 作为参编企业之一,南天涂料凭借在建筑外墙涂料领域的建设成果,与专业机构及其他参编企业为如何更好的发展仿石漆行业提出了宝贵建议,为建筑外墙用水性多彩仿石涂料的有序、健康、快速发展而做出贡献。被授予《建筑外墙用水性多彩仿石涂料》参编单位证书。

※

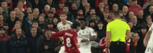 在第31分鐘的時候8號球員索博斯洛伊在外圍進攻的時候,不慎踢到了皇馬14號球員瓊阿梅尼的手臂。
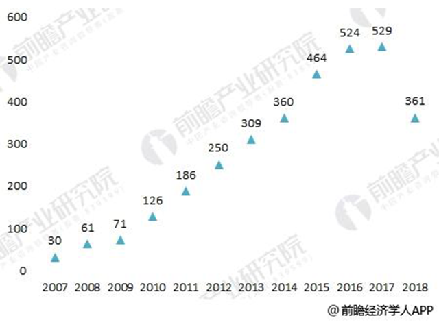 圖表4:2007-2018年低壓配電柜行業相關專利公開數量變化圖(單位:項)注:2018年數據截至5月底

※

Exercise details. What should come back is an exact copy of the lines above from the line with "在第31分鐘的時候8號球員索" to the line with "圖表4:2007-2018年", both included, minus the pictures.

Result.
 在第31分鐘的時候8號球員索博斯洛伊在外圍進攻的時候,不慎踢到了皇馬14號球員瓊阿梅尼的手臂。
 圖表4:2007-2018年低壓配電柜行業相關專利公開數量變化圖(單位:項)注:2018年數據截至5月底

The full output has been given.